Guaranteed payments have two aspects. First, they are deductible to the partnership in computing distributable partnership income. In this sense they are necessarily considered as items of deduction that are partnership items under section 301.6231(a)(3)-1(a)(1)(i), Proced. & Admin. Regs., above. Second, under section 707(c) and section 1.707-1(c), Income Tax Regs., they are regarded as part of the partner's reportable share of partnership income, even though they are determined without regard to a percentage interest in profits or losses. In this sense they are necessarily considered as distributions from the partnership that are partnership items under section 301.6231(a)(3)-1(a)(4)(ii), Proced. & Admin. Regs., above. Thus in two ways (determination and allocation) guaranteed payments are inseparable from other partnership items set forth in section 306.6231(a)(3)-1(a), Proced. & Admin. Regs., even if guaranteed payments were not expressly listed there as partnership items. The allocation of the guaranteed payments among the partners in the partnership was thus as much to be determined in the partnership proceeding as was the ordinary income of the partnership to be distributed to the partners in accordance with their percentage interests in profits and losses.
Petitioner notes that he was one of two general partners in each of the two partnerships, Hilltop and Southern Manor. He argues that nothing in the FPAA's sent to the partnerships or in the settlement agreements that he executed indicated that the Internal Revenue Service was proposing to allocate the entire guaranteed fee adjustments for both partnerships for all years to petitioner or that the resulting assessment against petitioner would not make any allowance for portions of those fees already reported by petitioner and by other partners.

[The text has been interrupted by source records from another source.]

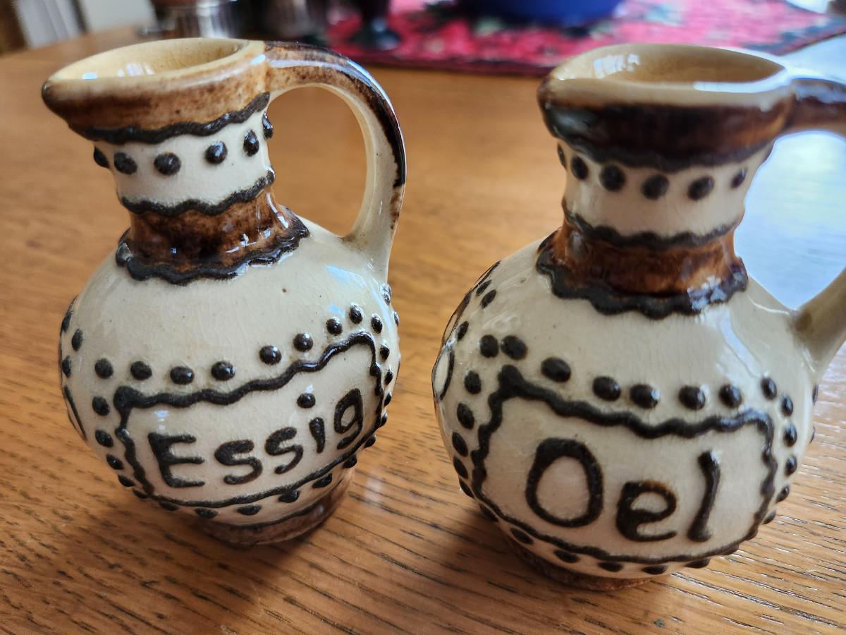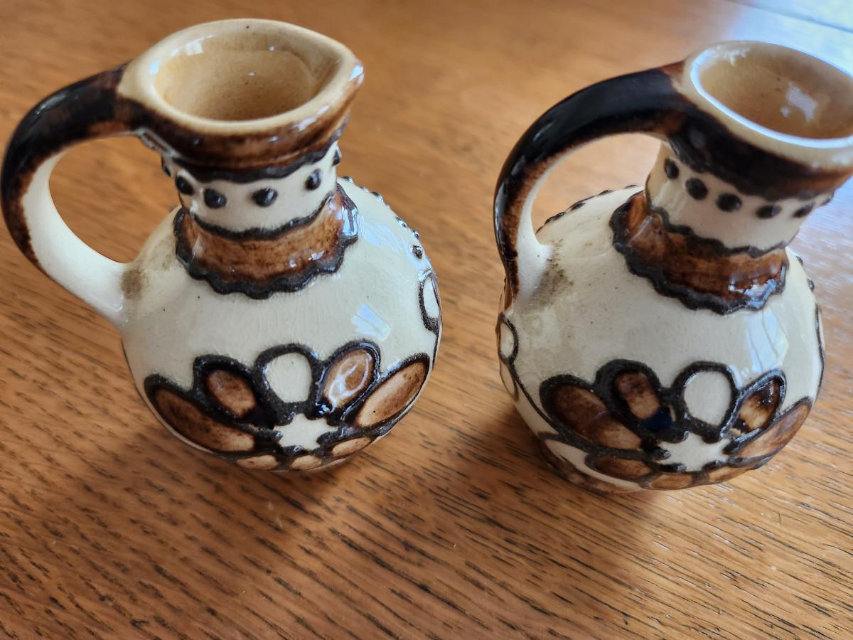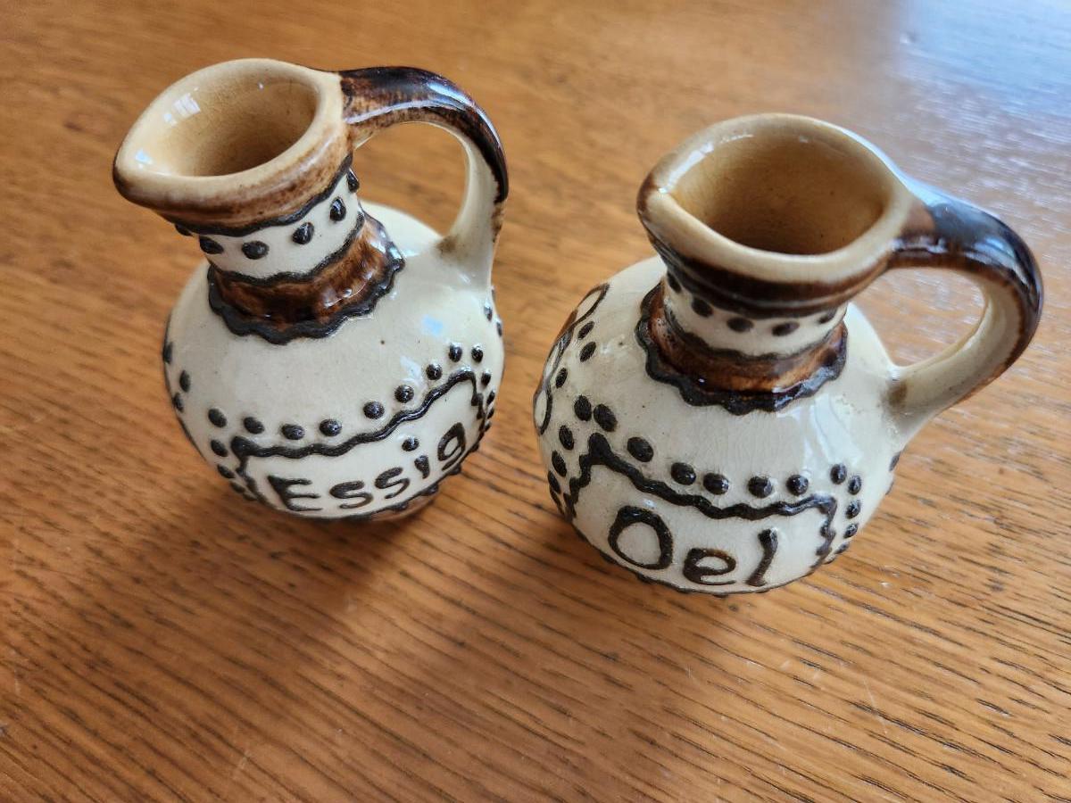 This auction lot is for a set of Vintage Vinegar & Oil Cruets. These cruets are constructed of a nice pottery with a unique glaze and applied decoration. The original cork stoppers are missing but the cruets are ready for action or display on a kitchen shelf.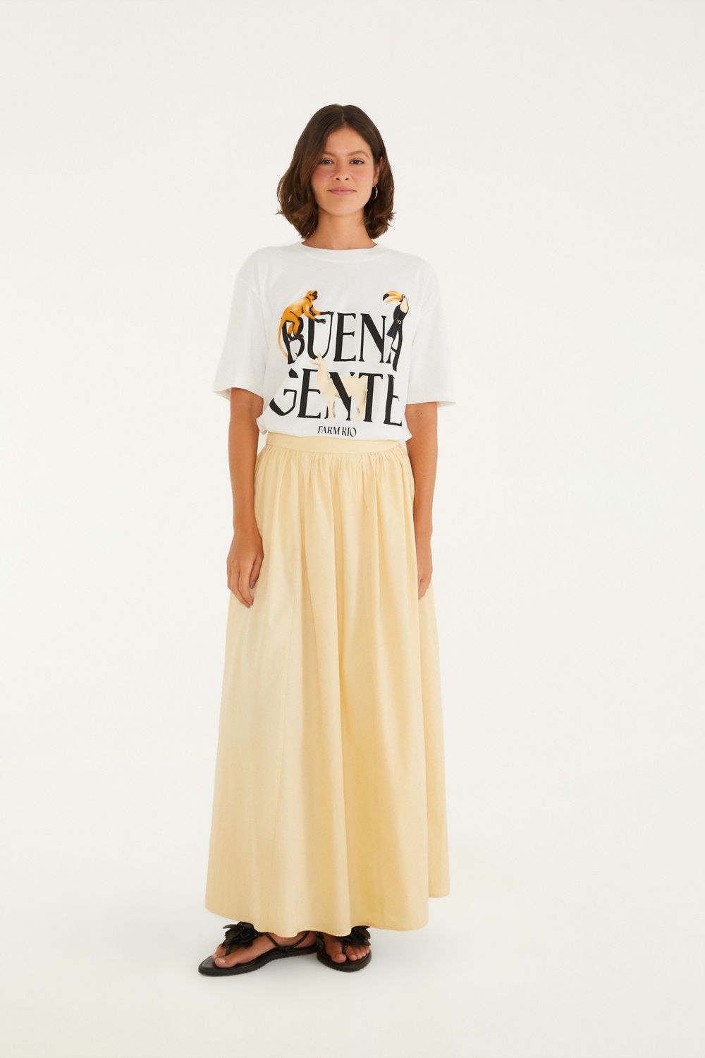 saia pregas frente. com design único, possui pregas elegantes na parte frontal que conferem movimento e leveza ao caminhar. o cós ajustável garante conforto, enquanto o comprimento longo eleva a peça a um nível de praticidade ideal para um passeio casual ou um jantar especial. uma peça essencial para compor o seu guarda-roupa com charme e originalidade. FARM RIO original - verão 26.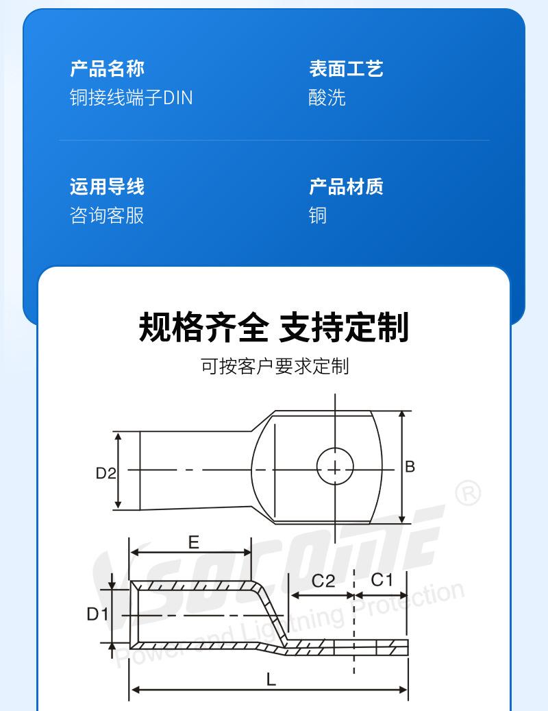 Terminales de Cobre Serie DIN Tipo Exportación Accesorios de Potencia Conector Terminal de Tubo de Cobre Extremo de Conexión de Alambre y Cable
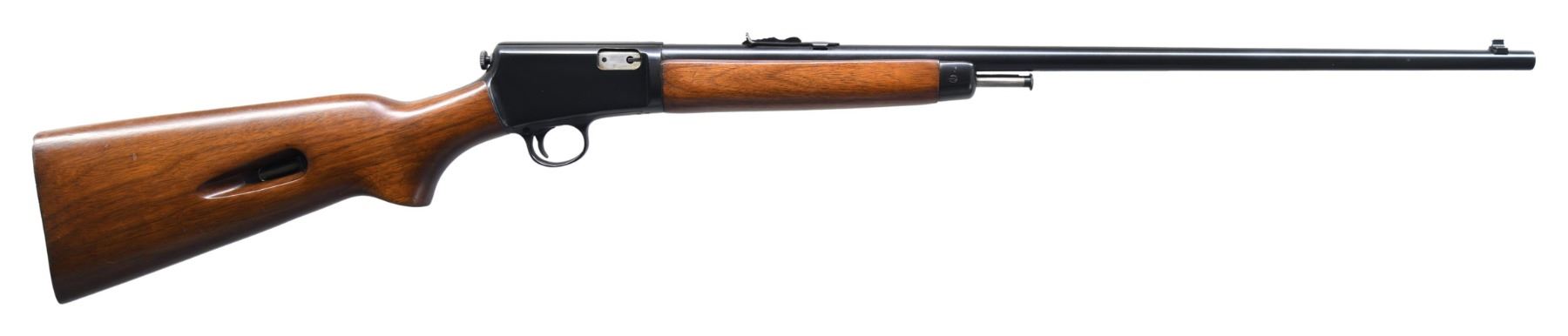 SEMI-AUTOMATIC RIFLE. Cal. 22 LR. S# 176727. Bbl. 23". Model 63 semi-automatic rifle mfg. by Winchester, circa. 1960. The left side of the bbl. is marked with the Winchester trademark logo, followed by the model and cal. designations above "SUPER SPEED AND SUPER - X -". Metal components exhibit a blue finish overall, save for on the bolt and plunger bar. Plain wood pistol grip buttstock and forend, with inverse blued checkered steel buttplate. Dovetailed aluminum beaded blade front sight, with dovetailed U-notch rear sight. Matching numbers are present on the upper and lower assemblies. CONDITION: metal components retain bountiful amounts of their original factory blue finish, exhibiting a few superficial marks from handling and storage, with scattered spots of light surface oxidation present overall. Mirror bore, exhibiting well defined rifling throughout. Wood furniture shows some superficial marks and a few minor impressions from handling and storage, but otherwise remains sturdy and serviceable. A very attractive, final year of production Winchester Model 63 rifle. PROVENANCE: Estate of Russell Dickerman. (25-1784/MLW). CURIO. $400-800.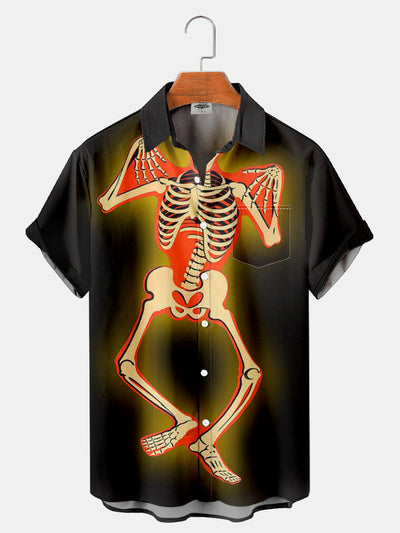 Fydude Men'S Halloween Glowing Skull Printed Shirt

Respondent does not explain why all of the guaranteed payments were allocated to petitioner, and he has now stipulated that petitioner and other persons had previously reported at least some of the guaranteed payments on their returns for the years in issue, as set forth above. Respondent argues that petitioner could have, should have, and was exclusively required to contest the allocation of guaranteed payments in the partnership proceedings. The time for filing contests of the FPAA's sent in March and April 1987 has long passed, and respondent asserts that he cannot now make adjustments to individual income of other persons who may have received but not reported a portion of the payments.

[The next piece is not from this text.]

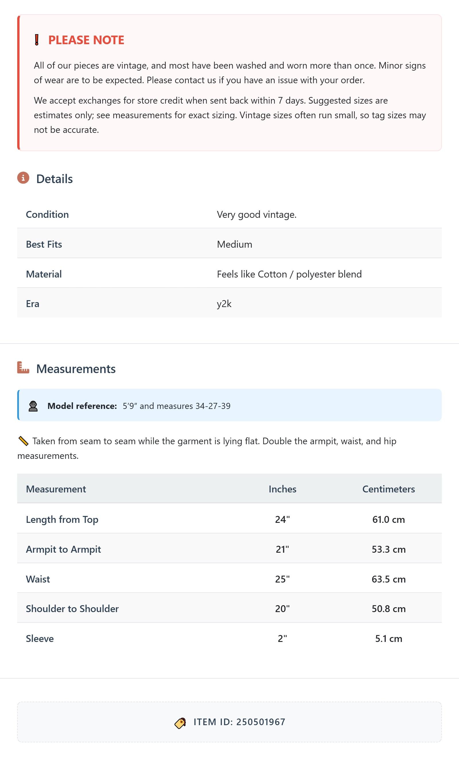 Suggested sizes are estimates only; see measurements for exact sizing. Vintage sizes often run small, so tag sizes may not be accurate.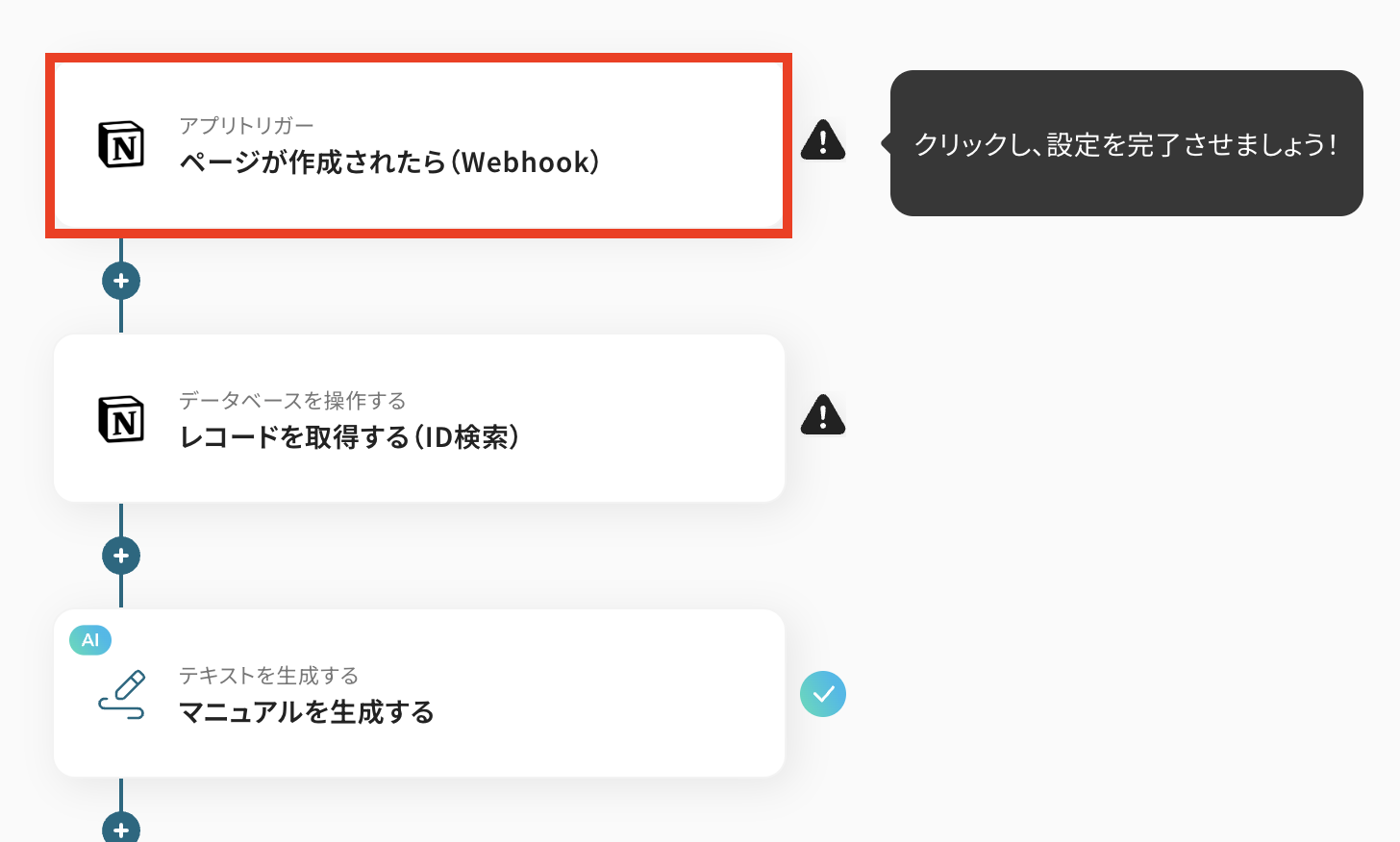 それではここから代表的な例として「Notionに業務データが追加された際に、その情報をもとにAIがマニュアル案を自動で作成し、Google スプレッドシートに内容を追加する 」フローを解説していきます!

Petitioner executed Forms 870-P within a few months of receipt of the FPAA's for each partnership, and the schedules attached to the Forms 870-P were identical to the schedules attached to the FPAA's. Thus it appears that the allocation of guaranteed payments was not in fact negotiated or fully discussed during the partnership proceeding. Failure to specifically negotiate an actual determination of the allocation is not material, however. The critical factor is whether the determination was required to be made in the partnership proceeding. Cf. Dial USA, Inc. v. Commissioner, 95 T.C. 1 (1990).

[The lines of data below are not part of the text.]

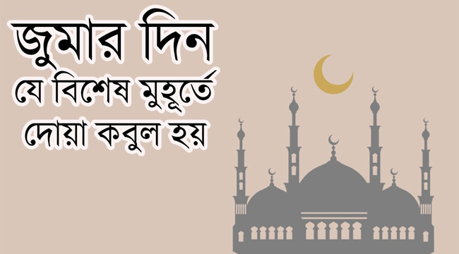 তিনি আরো বলেন, ‘নিশ্চয়ই জুমার দিন এমন একটি মুহূর্ত রয়েছে, সে সময়টিতে একজন মুসলমান যে কল্যাণের দোয়া করবে, অবশ্যই আল্লাহ তাকে তা দান করবেন।’ (মুসলিম)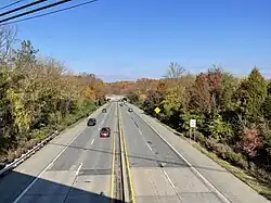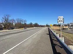 In the 1960s, the Pennsylvania Department of Highways planned for an expressway just east of the PA 100 corridor that would run from the Pennsylvania Turnpike interchange in Uwchlan Township to US 202 near West Chester, though these plans were never fully realized.[28] However, in 1968, a 2-mile (3.2 km) long, four-lane freeway was built connecting PA 100 south of Exton to US 202 north of West Chester. The freeway was officially unsigned, but was colloquially referred to as the "PA 100 Spur" and was designated as State Route 2023 (SR 2023) when the Location Referencing System was established in 1987.[29][30][24][31] In the 1970s, PA 100 was widened into a divided highway between Exton and Lionville.[32]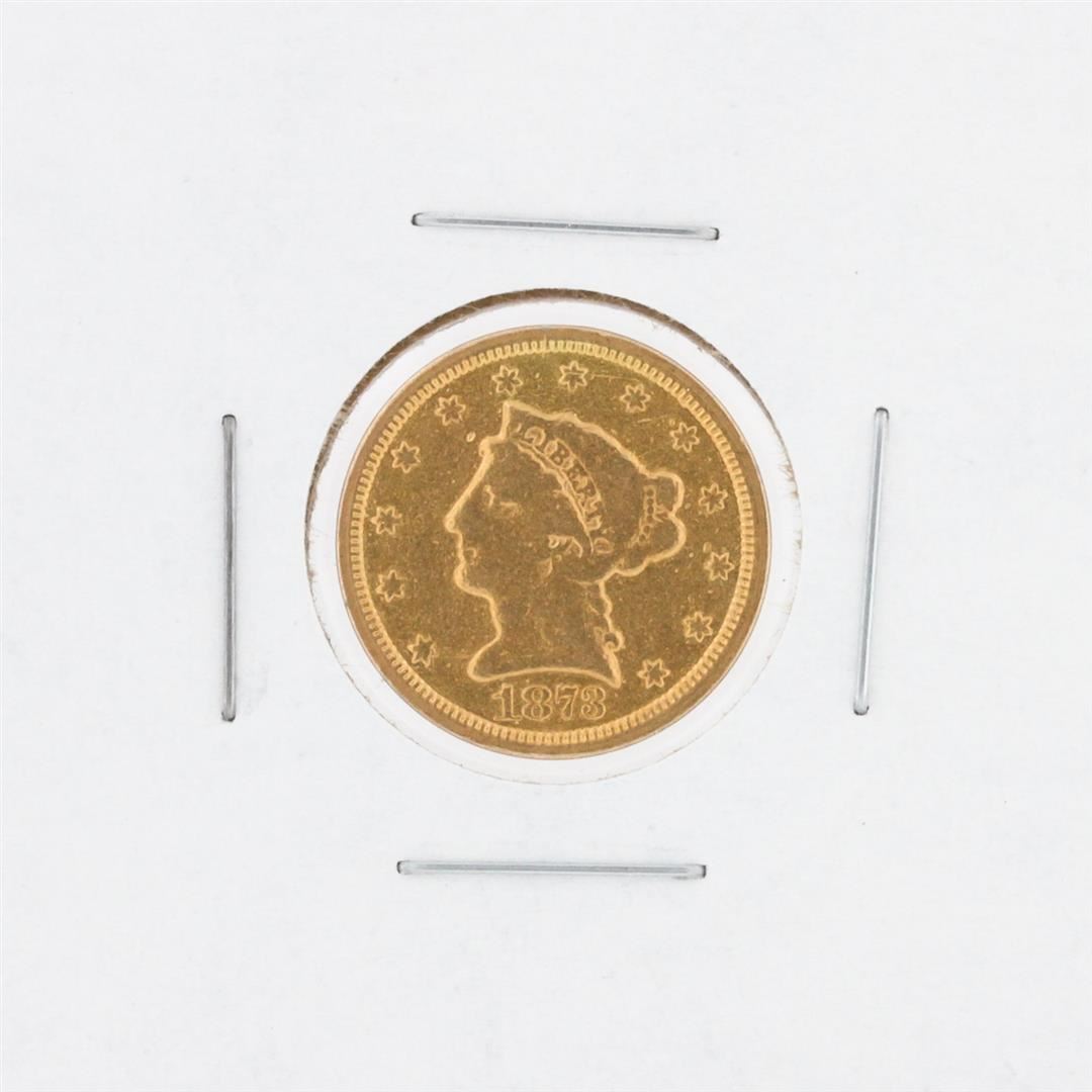One 1873-S $2.50 C- Liberty Head Closed 3 Quarter Eagle Coin.

Under the TEFRA provisions, the guaranteed payments are partnership items that were required to be determined in the partnership proceedings. We thus have no jurisdiction in these cases over petitioner's claim that the guaranteed payments were not correctly allocated. Jurisdiction over petitioner's other claims, if it exists, must be based on some alternative basis applicable to the facts of these cases.
2. Jurisdiction Over Affected Items
Respondent sent notices of deficiency to petitioner determining only additions to tax arising out of the partnership items determined in the partnership proceedings. There is no dispute that we have jurisdiction over petitioner's challenge of the additions to tax, because those additions to tax are affected items described in section 6230(a)(2)(A)(i).
An affected item is "any item to the extent such item is affected by a partnership item." Sec. 6231(a)(5). There are two types of affected items. The first type of affected item requires only a computational adjustment at the partner level, which can only be made at the conclusion of the partnership level proceeding. N.C.F. Energy Partners v. Commissioner, 89 T.C. 741, 744 (1987). Section 301.6231(a)(6)-1T, Proced. & Admin. Regs., provides:
A computational adjustment may include a change in tax liability that reflects a change in an affected item where that change is necessary to properly reflect the treatment of a partnership item. * * *
For this type of affected item, respondent is not required to send a notice of deficiency to the individual partner because the deficiency determination is merely computational. Maxwell v. Commissioner, 87 T.C. 783, 792 n. 7 (1986).
The other type of affected item is one that is dependent upon factual determinations (other than a computation) relating to an adjustment made at the partner level. In circumstances involving that latter type of affected item, respondent normally issues a notice of deficiency to the individual partner for the affected item after the partnership proceeding is complete. Sec. 6230(a)(2). Our factual determination in such cases may include determining the correctness of the addition to tax with reference to the entire understatement. Sec. 301.6231(a)(5)-1T(d), Proced. & Admin. Regs.; Saso v. Commissioner, 93 T.C. 730 (1989).
Section 6661 additions to tax attributable to partnership adjustments are among the affected items for which a factual determination at the partner level is required. N.C.F. Energy Partners v. Commissioner, 89 T.C. at 744-745. Respondent issued notices of deficiency to petitioner for section 6661 additions to tax at the conclusion of the partnership proceedings. Consequently, we have jurisdiction to review the correctness of those amounts. N.C.F. Energy Partners v. Commissioner, 89 T.C. at 745.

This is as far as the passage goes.